Data shown -

□ □ □ □

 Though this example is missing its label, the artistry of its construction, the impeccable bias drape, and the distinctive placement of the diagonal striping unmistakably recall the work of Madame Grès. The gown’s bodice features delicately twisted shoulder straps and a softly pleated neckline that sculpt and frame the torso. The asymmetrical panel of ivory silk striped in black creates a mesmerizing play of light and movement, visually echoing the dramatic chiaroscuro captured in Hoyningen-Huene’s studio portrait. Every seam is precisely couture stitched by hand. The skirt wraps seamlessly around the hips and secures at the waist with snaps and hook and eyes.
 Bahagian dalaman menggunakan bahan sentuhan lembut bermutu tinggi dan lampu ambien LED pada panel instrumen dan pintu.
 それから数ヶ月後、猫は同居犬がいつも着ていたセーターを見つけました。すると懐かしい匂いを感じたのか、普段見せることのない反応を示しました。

□ □ □ □

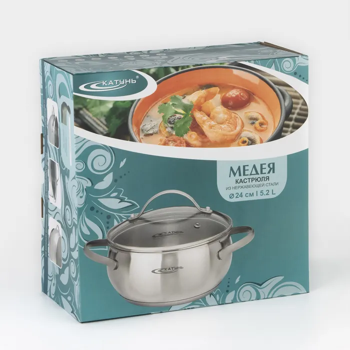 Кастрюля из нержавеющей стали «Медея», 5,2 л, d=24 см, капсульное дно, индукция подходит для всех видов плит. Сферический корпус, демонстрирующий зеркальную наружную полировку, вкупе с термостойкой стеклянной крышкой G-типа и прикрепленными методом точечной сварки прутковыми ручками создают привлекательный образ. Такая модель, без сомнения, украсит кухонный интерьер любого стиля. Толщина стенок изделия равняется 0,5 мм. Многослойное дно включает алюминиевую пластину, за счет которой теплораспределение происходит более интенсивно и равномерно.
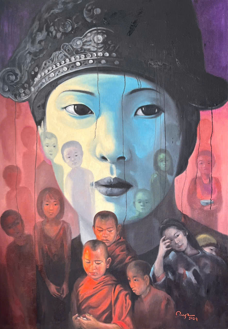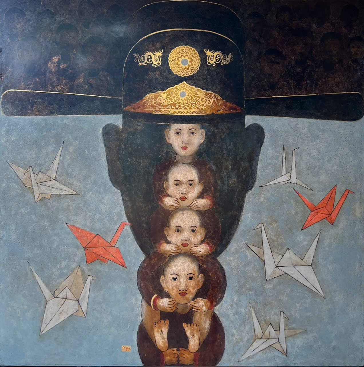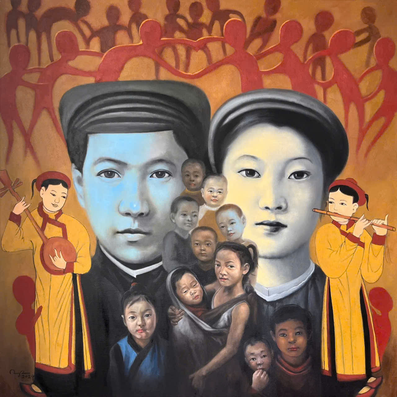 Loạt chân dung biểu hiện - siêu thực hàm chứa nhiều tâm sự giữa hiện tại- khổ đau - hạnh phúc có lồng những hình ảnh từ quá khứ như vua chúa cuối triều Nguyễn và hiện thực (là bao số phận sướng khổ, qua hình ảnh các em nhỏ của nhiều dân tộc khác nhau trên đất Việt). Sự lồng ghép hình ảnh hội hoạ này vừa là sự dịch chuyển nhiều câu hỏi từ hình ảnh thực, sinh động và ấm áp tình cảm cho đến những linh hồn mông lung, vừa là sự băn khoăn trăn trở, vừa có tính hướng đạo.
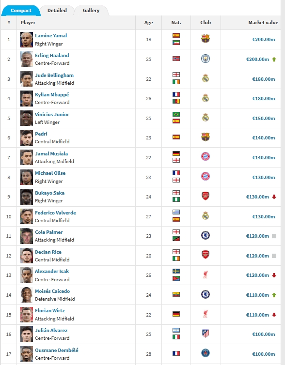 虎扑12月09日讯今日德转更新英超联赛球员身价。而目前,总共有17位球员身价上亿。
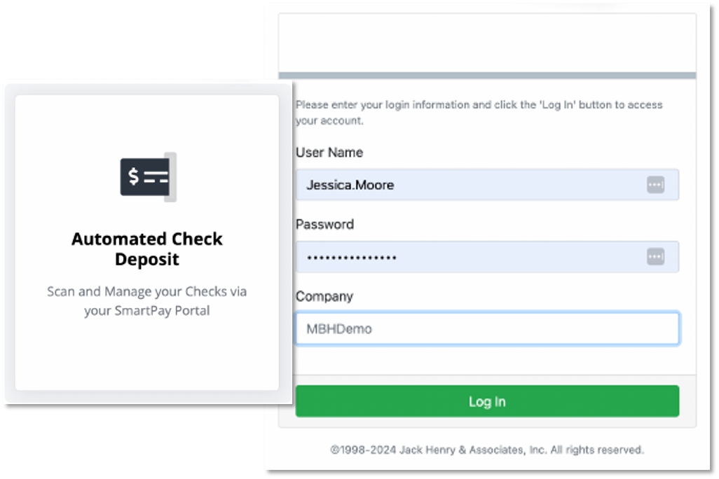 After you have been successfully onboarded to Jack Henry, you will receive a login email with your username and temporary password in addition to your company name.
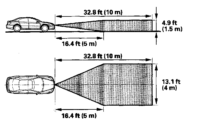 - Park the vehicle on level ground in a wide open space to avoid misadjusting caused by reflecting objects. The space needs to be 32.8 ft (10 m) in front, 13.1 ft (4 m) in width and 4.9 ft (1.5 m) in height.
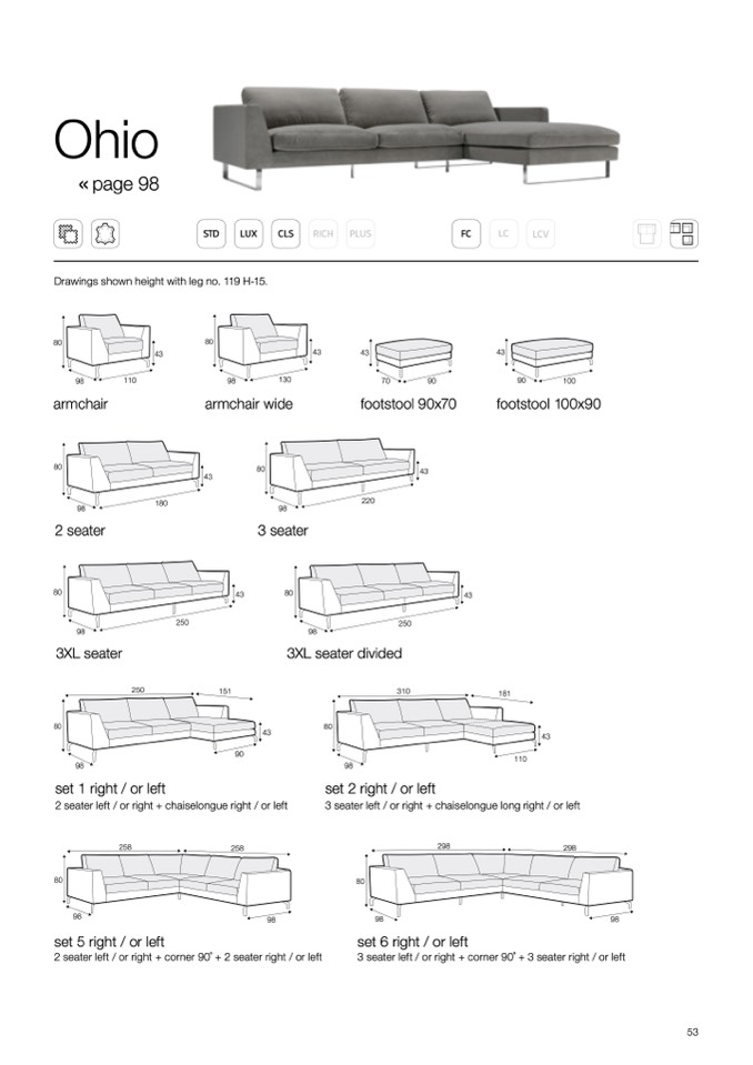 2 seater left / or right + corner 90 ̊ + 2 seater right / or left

□ □ □ □

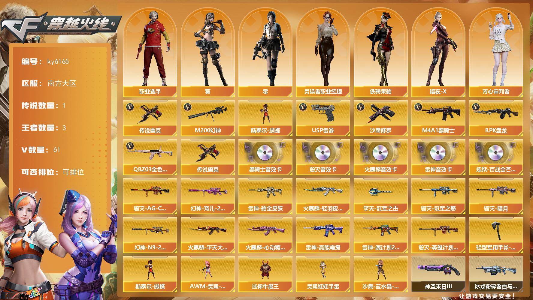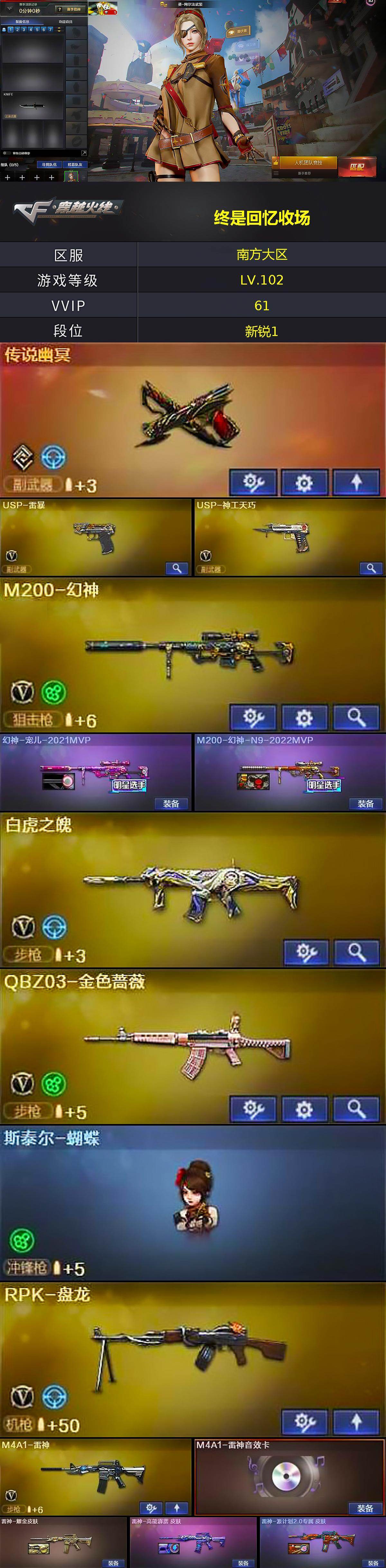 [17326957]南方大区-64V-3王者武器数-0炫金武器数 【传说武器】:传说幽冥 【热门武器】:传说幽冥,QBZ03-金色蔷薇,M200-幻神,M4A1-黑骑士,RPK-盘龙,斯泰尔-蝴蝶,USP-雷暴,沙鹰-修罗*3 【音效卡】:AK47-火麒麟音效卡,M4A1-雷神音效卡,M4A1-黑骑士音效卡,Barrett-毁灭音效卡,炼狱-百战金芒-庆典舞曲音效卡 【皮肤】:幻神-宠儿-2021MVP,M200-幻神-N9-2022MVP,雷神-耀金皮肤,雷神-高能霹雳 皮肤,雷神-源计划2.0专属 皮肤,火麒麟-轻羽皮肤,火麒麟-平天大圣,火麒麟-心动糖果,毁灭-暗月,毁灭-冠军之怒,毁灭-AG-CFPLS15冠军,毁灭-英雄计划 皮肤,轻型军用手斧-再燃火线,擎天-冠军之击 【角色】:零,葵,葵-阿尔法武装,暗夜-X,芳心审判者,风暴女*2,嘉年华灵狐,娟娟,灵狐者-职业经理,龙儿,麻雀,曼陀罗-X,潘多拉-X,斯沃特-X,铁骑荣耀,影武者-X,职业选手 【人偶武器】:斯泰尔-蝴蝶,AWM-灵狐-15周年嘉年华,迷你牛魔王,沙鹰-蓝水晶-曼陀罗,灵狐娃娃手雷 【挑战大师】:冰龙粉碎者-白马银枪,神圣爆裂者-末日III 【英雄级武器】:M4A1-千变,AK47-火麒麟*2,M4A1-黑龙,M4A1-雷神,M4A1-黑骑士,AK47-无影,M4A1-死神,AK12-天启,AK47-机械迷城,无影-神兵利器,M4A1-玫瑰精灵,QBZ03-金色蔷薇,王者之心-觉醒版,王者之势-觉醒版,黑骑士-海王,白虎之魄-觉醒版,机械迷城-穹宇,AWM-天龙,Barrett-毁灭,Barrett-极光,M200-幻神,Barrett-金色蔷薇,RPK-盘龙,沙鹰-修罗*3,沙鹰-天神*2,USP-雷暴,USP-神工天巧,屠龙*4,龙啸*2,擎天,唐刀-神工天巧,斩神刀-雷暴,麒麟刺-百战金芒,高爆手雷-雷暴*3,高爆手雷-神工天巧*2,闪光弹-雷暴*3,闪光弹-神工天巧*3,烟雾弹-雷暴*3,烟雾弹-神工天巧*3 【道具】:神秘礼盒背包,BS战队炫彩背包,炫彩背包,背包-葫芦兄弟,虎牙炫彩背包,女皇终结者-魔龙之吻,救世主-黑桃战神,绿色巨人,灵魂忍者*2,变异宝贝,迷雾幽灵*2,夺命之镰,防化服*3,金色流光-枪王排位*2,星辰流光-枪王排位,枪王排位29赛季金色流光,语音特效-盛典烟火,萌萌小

□ □ □ □

What is expected -
Using the records above, print exactly the lines between the ones containing "After you have" and "2 seater left", inclusive, and nothing else; no pictures.

Output of the exercise -
 After you have been successfully onboarded to Jack Henry, you will receive a login email with your username and temporary password in addition to your company name.
 - Park the vehicle on level ground in a wide open space to avoid misadjusting caused by reflecting objects. The space needs to be 32.8 ft (10 m) in front, 13.1 ft (4 m) in width and 4.9 ft (1.5 m) in height.
 2 seater left / or right + corner 90 ̊ + 2 seater right / or left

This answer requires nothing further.